• _MATERIAL PROVIDED_
--- START ---
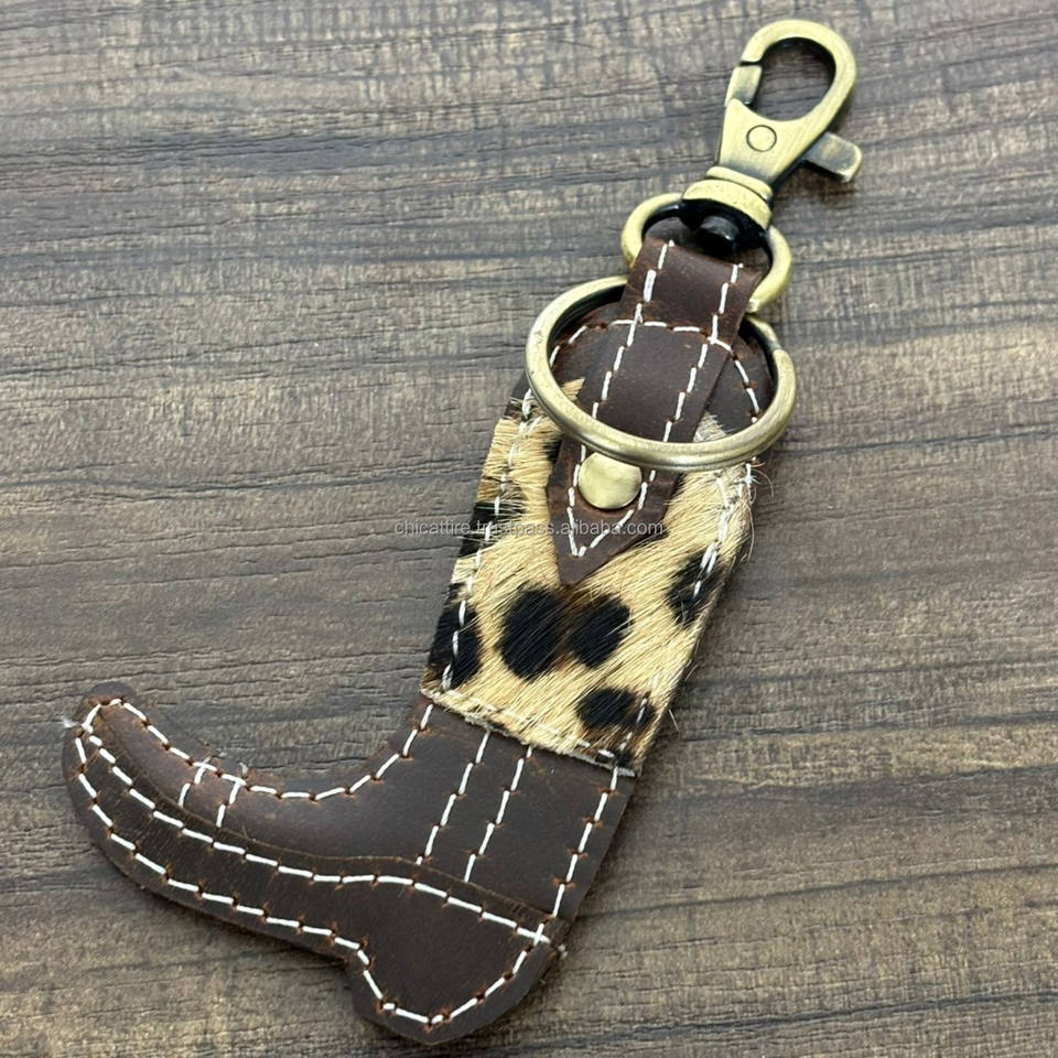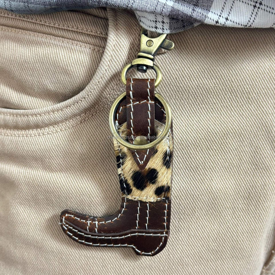 Llavero de Cuero Vacuno Genuino Personalizado con Anillo Metálico Resistente, Diseño de Estampado Animal, Accesorio de Moda Rústico
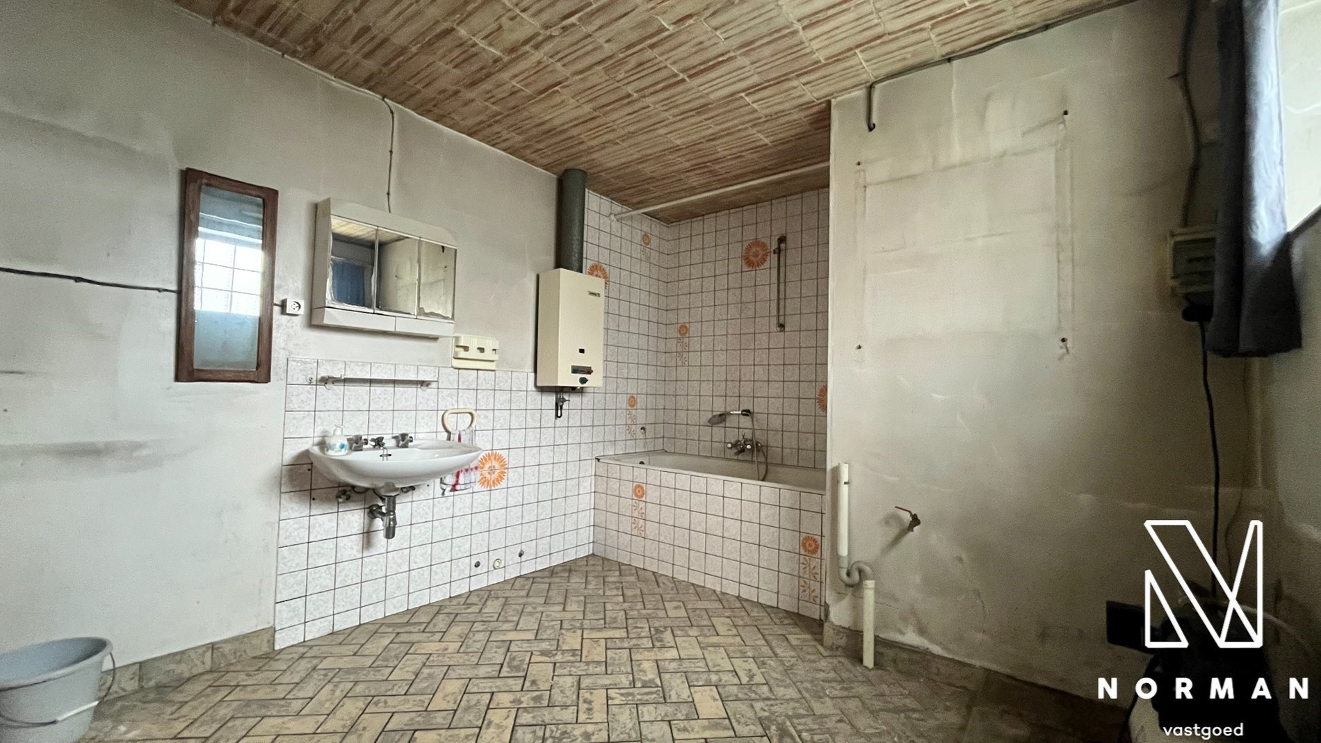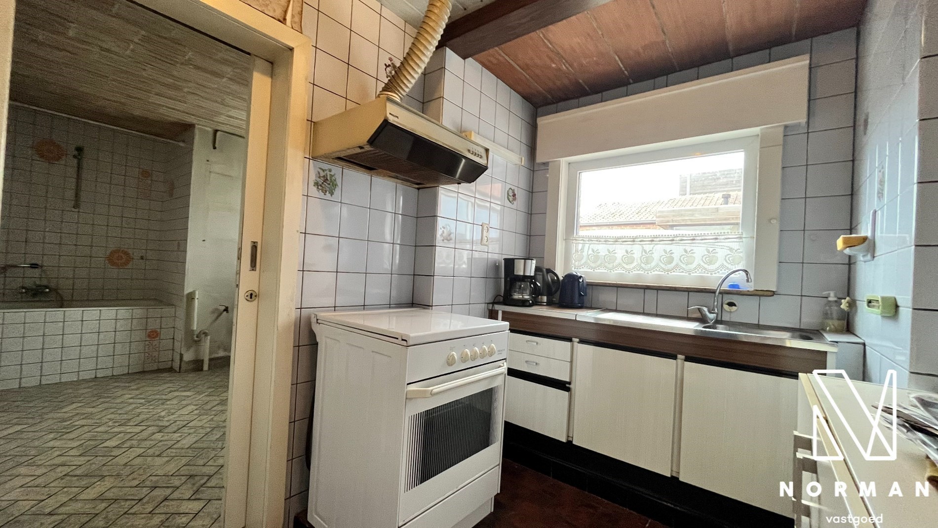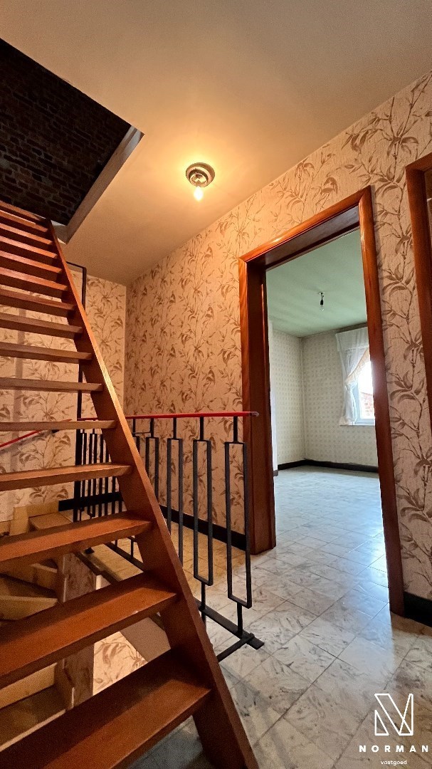 Inkomhal met voorplaats die kan worden ingericht als bureel of kamer. De ruime woonkamer met kolenkachel vormt het hart van het huis en grenst aan de keuken. Verder is er nog een badkamer met een ligbad.
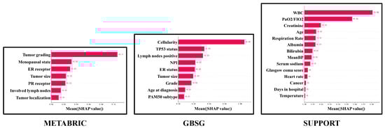 To better explain the basis on which the proposed model makes survival predictions, thereby helping clinicians and patients understand and trust our proposed DVC-Surv model, an interpretability analysis is designed and implemented. Specifically, we employ the SHAP algorithm [48] to analyze the importance of features relied upon during model predictions. Figure 4 presents the feature importance ranking of the proposed model on three datasets. In the METABRIC and GBSG breast cancer datasets, tumor grading and cellularity are considered the most important features, which aligns with existing clinical research. Specifically, existing clinical research indicate that tumor grading and cellularity can reflect the severity of breast cancer patients [49]. Additionally, in the SUPPORT dataset, which targets severely ill hospitalized adults, WBC and PaO2/FiO2 are considered the most important features. Similarly, previous clinical studies confirm that in scenarios such as the ICU, WBC and PaO2/FiO2 can, respectively, reflect the level of inflammation and oxygenation in patients, representing the patient’s condition and thus being closely related to the outcome [50,51]. In summary, the proposed model can accurately identify clinically important factors and make reliable survival predictions.
--- END ---
• _EXERCISE REQUIREMENTS_
Take the material above from its first line through the line that has "Inkomhal met voorplaats" and copy it exactly, without any pictures.

• _REPLY_
 Llavero de Cuero Vacuno Genuino Personalizado con Anillo Metálico Resistente, Diseño de Estampado Animal, Accesorio de Moda Rústico
 Inkomhal met voorplaats die kan worden ingericht als bureel of kamer. De ruime woonkamer met kolenkachel vormt het hart van het huis en grenst aan de keuken. Verder is er nog een badkamer met een ligbad.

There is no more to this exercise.